### Required work:
Transcribe exactly, and only, the lines from the one with "as your holiday!" through the end of the records below, including both of those lines. Skip all pictures.

### Dataset excerpts:

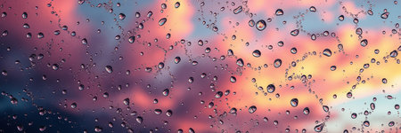 A stunning close-up capture of raindrops clinging to a window pane, showcasing a colorful sunset in the background that evokes feelings of tranquility and beauty.
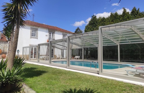 This property is in the center of a small city, and is a Villa with 12.500 m2.; Some buildings in the property are dated from 1740. The Villa used to be a farm with 100.000 m2. In the end of the past century, the property size was reduced, allowing us to take a better care of the beautiful gardens, the swimming pool and tennis court areas, and the decoration. A car trip from the villa to the downtown area of Porto takes 12 minutes (17 km), and the Atlantic coast and sandy beaches are 20 minutes (22 km) from the villa. The villa is totally modern and renovated and we take a lot of pride in the decoration and materials made available to our guests. The five rooms are devided in two separated houses. The 'Swimming Pool House', has two en-suite rooms on the 1st. floor, with views of the swimming pool area and it's garden, and the 'Cottage House', just five meters across, with three rooms, two on the 1st. floor and one on the ground floor. This house has one full bathroom on the 1st. floor and another, very spacious and modern full bathroom on the ground floor. We consider our rental ideal for groups of more than one family, but it is also very interesting for a single couple that want's a beatiful experience of staying in a large property.
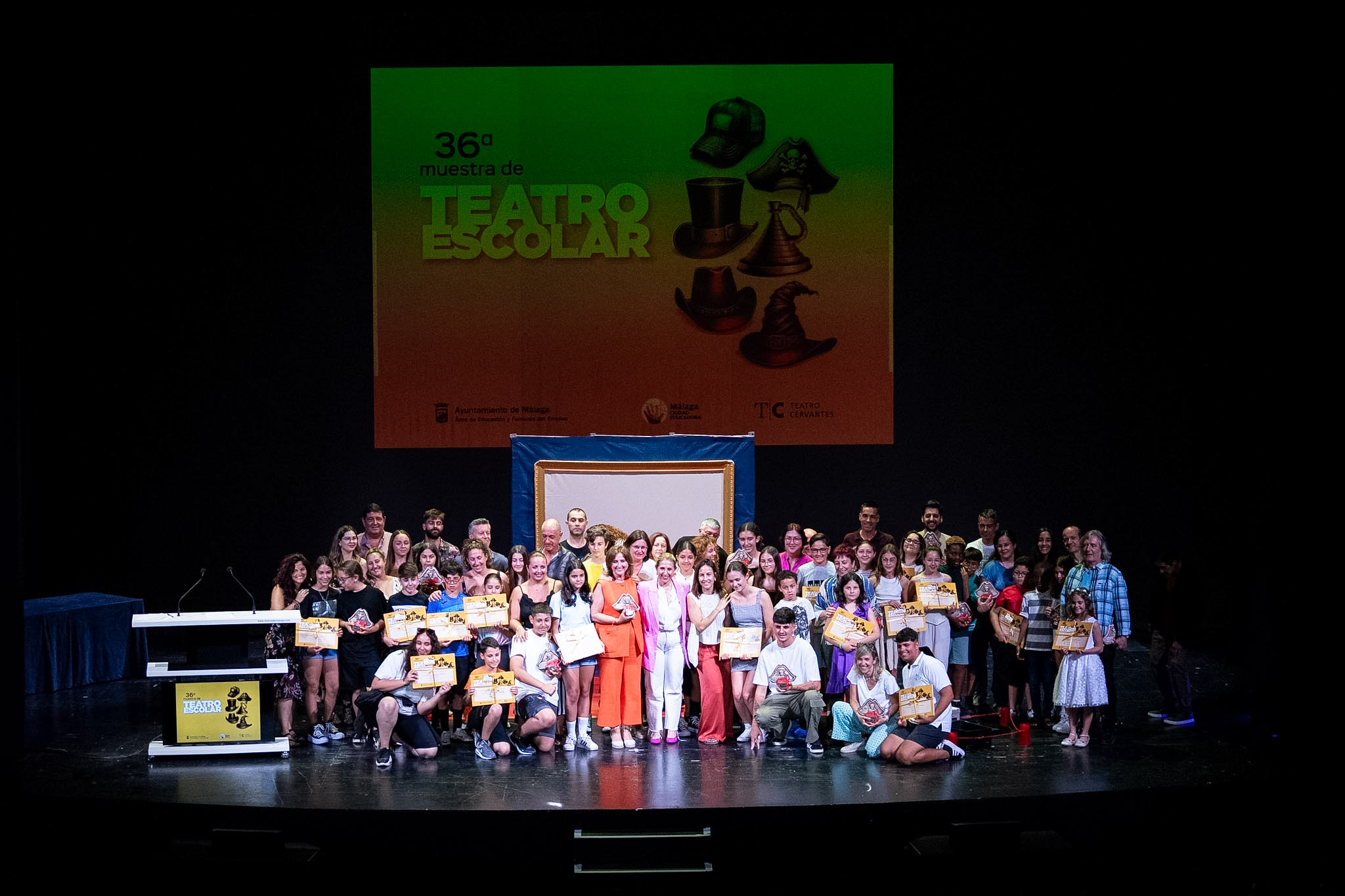 EL TEATRO CERVANTES ACOGE EL ACTO DE CLAUSURA DE LA 36ª MUESTRA DE TEATRO ESCOLAR 4/6/2024 Imagen En esta edición han participado 567 escolares de 23 centros educativos que han puesto en escena 25 obras La clausura ha contado con la compañía La Líquida Teatro que ha representado la obra ‘Museum. La historia del arte para niños y niñas’ Documentos NOTA INFORMATIVA.pdf 122,90 KB kb Galería de imágenes
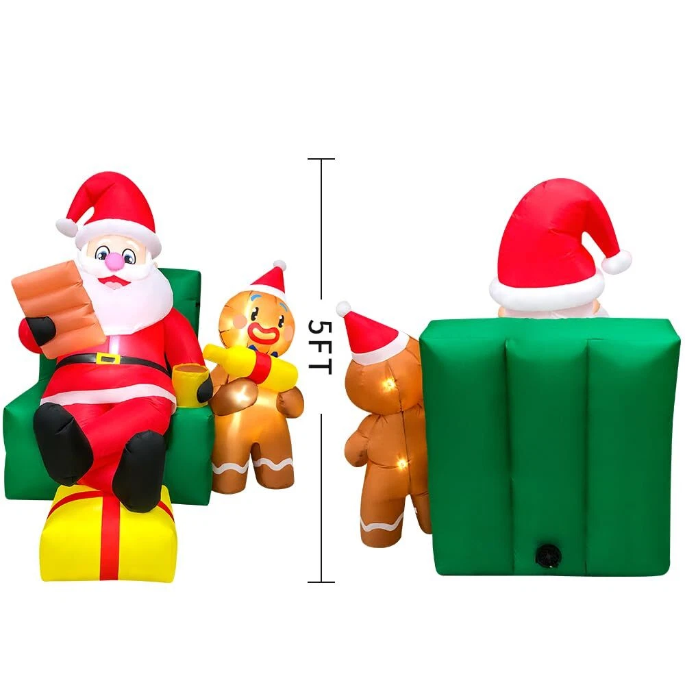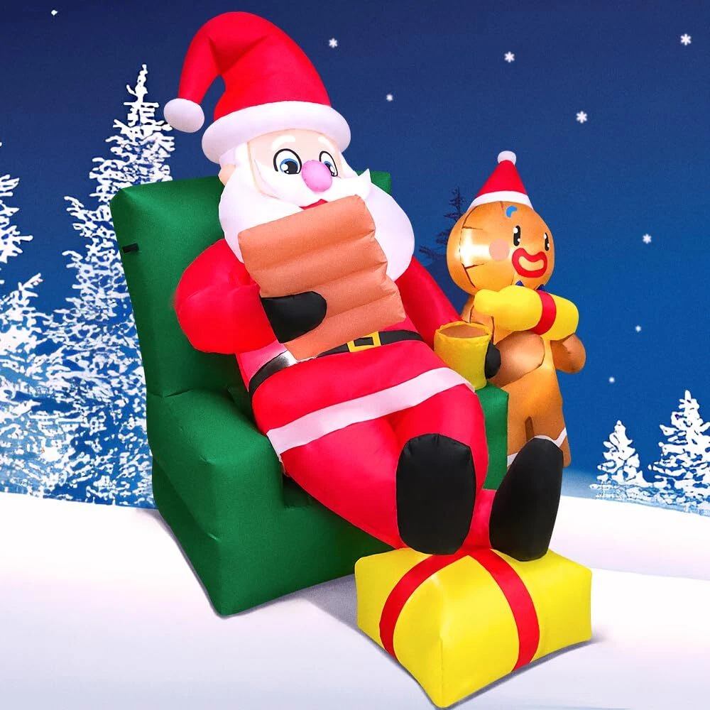 【Package Included】You will get Christmas inflatables outdoor decorations which have a 5FT santa claus, inflatable santa drinking coco from the gingerbread man decor,and 4pcs metel stakes,4pcs plastic stakes,2pcs water bags,2pcs black ropes,a UL approved plug put to a beautiful box.You Can send to friends as a christmas gift.Place the Christmas inflatable in your yard can bring a happy atmosphere to your neighbors,friends,and family for holiday cheer and welcomes them with wishes. 【Unique design】's inflatable Christmas yard decorations is very cute, the santa clause outdoor decoration is reading a book ; When plug it into a standard electrical outlet, it will inflate in minutes; The super bright colored LED light will illuminate your yard and easily attract the guests, friends, and kids' attention so that can be the most attractive & decorating yards in your neighbors. 【Premium Material】The Christmas outdoor inflatables are made of high-strength thickened polyester fabric which is resistant to rips and tears; It has an IP44 waterproof rating, and both UL and CE certifications; The excellent stitching improves the durability of the inflatable decoration; It has a powerful-duty blower which can continuous airflow inflate and it won't be a long time, you will see an adorable santa claus and gingerbread man in your yard, it is efficient and inflated quickly. 【The Outdoor Christmas Decorations】Santa claus and gingerbread man outdoor Christmas decorations are perfect for indoors, outdoors yard garden decorations,front doors,yards, lawns, Christmas event decorations,Christmas night events,Christmas party activities,party favor Christmas props, party gifts,holiday decorations and more;The best choice for Christmas decoration. 【 Merry Christmas 】Welcome to our store, where you can enjoy the best shopping experience and service. We have many styles for you to choose from, and wish you a happy shopping. We have Christmas tree, Santa Claus, gingerbread man, snowman and other styles for you to choose from which will brighten up your yard, as well as your holiday!
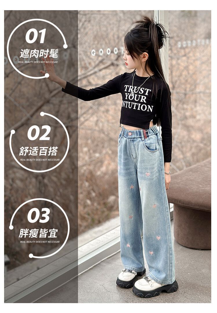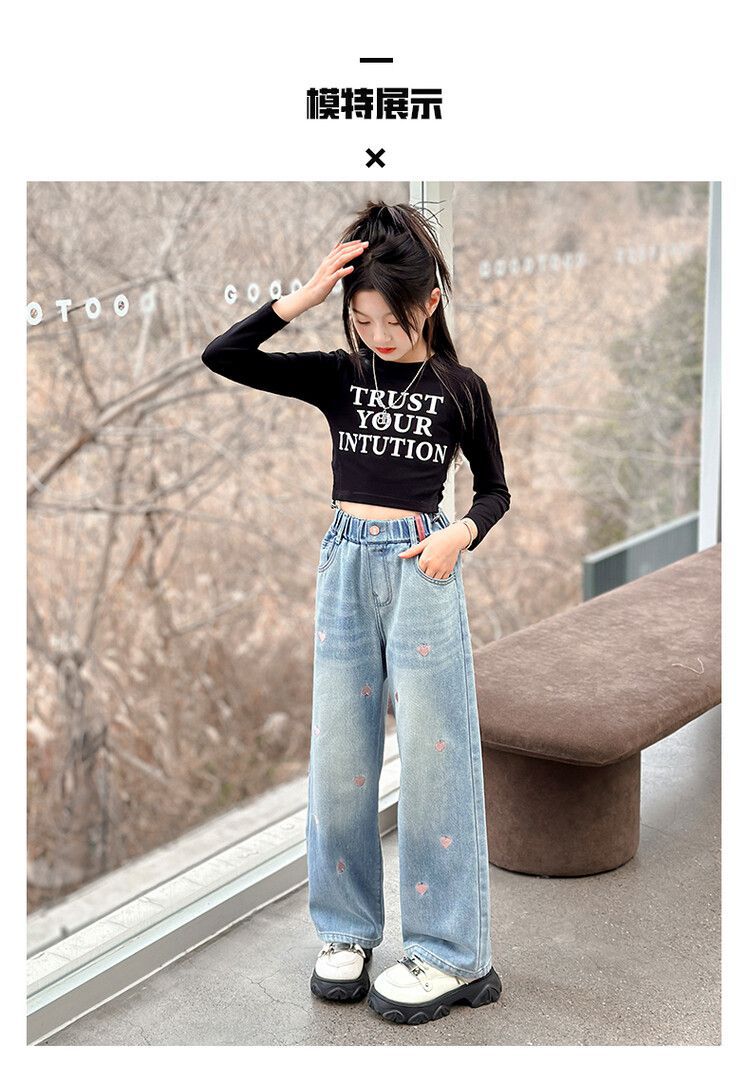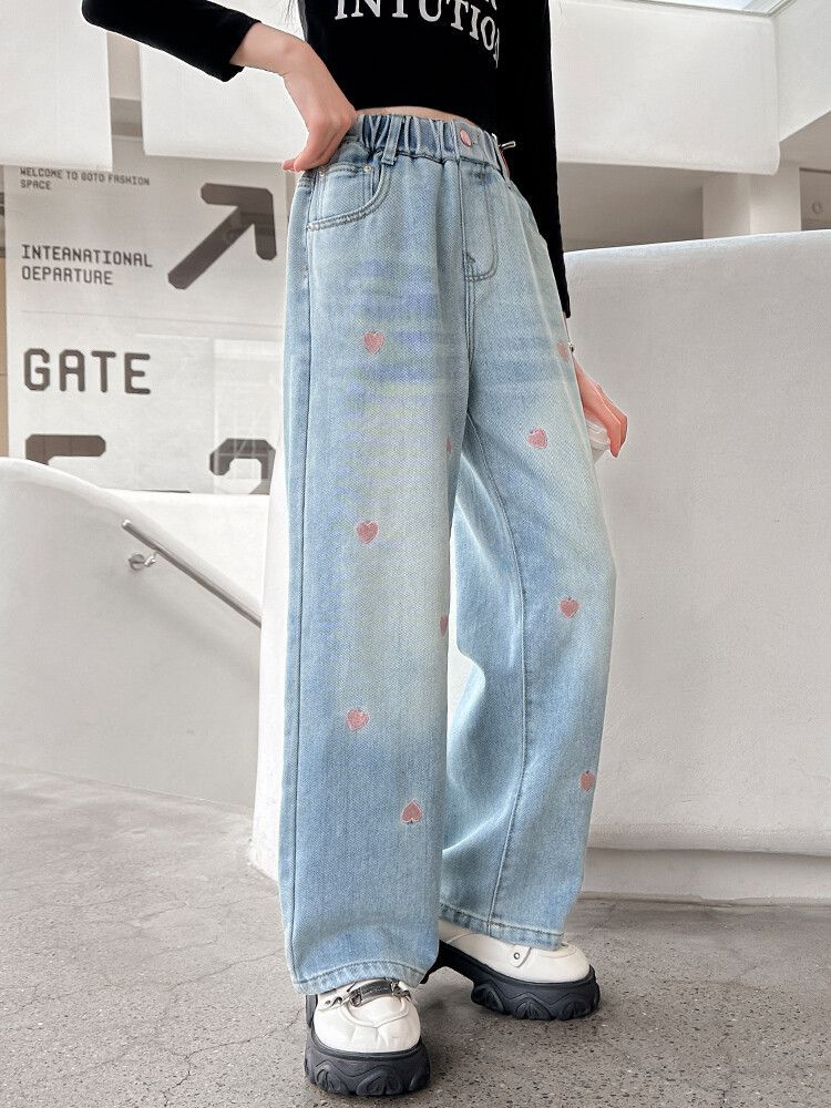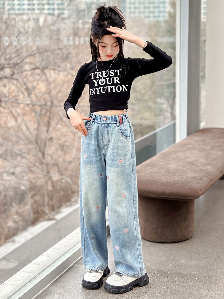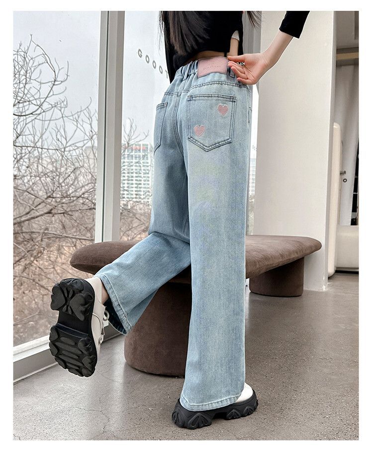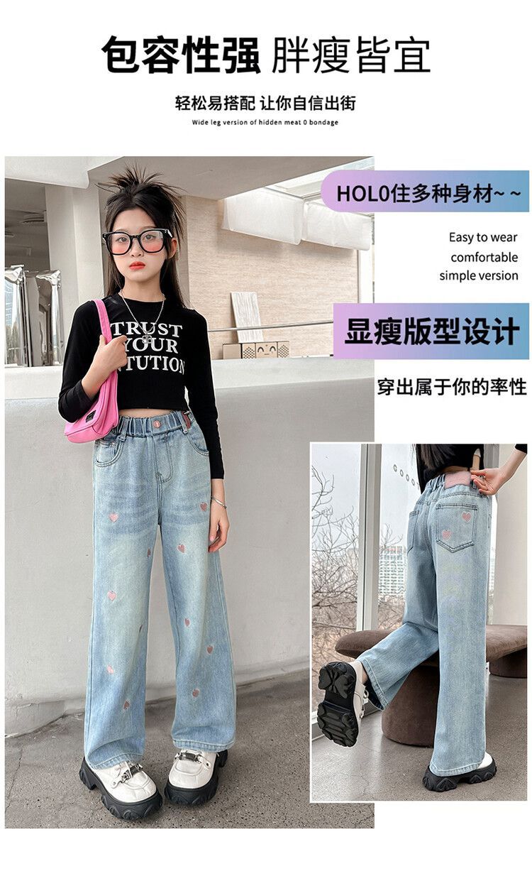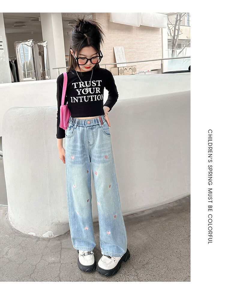 C08 широкие брюки с вышитым сердцем

### Written response:
 【Package Included】You will get Christmas inflatables outdoor decorations which have a 5FT santa claus, inflatable santa drinking coco from the gingerbread man decor,and 4pcs metel stakes,4pcs plastic stakes,2pcs water bags,2pcs black ropes,a UL approved plug put to a beautiful box.You Can send to friends as a christmas gift.Place the Christmas inflatable in your yard can bring a happy atmosphere to your neighbors,friends,and family for holiday cheer and welcomes them with wishes. 【Unique design】's inflatable Christmas yard decorations is very cute, the santa clause outdoor decoration is reading a book ; When plug it into a standard electrical outlet, it will inflate in minutes; The super bright colored LED light will illuminate your yard and easily attract the guests, friends, and kids' attention so that can be the most attractive & decorating yards in your neighbors. 【Premium Material】The Christmas outdoor inflatables are made of high-strength thickened polyester fabric which is resistant to rips and tears; It has an IP44 waterproof rating, and both UL and CE certifications; The excellent stitching improves the durability of the inflatable decoration; It has a powerful-duty blower which can continuous airflow inflate and it won't be a long time, you will see an adorable santa claus and gingerbread man in your yard, it is efficient and inflated quickly. 【The Outdoor Christmas Decorations】Santa claus and gingerbread man outdoor Christmas decorations are perfect for indoors, outdoors yard garden decorations,front doors,yards, lawns, Christmas event decorations,Christmas night events,Christmas party activities,party favor Christmas props, party gifts,holiday decorations and more;The best choice for Christmas decoration. 【 Merry Christmas 】Welcome to our store, where you can enjoy the best shopping experience and service. We have many styles for you to choose from, and wish you a happy shopping. We have Christmas tree, Santa Claus, gingerbread man, snowman and other styles for you to choose from which will brighten up your yard, as well as your holiday!
 C08 широкие брюки с вышитым сердцем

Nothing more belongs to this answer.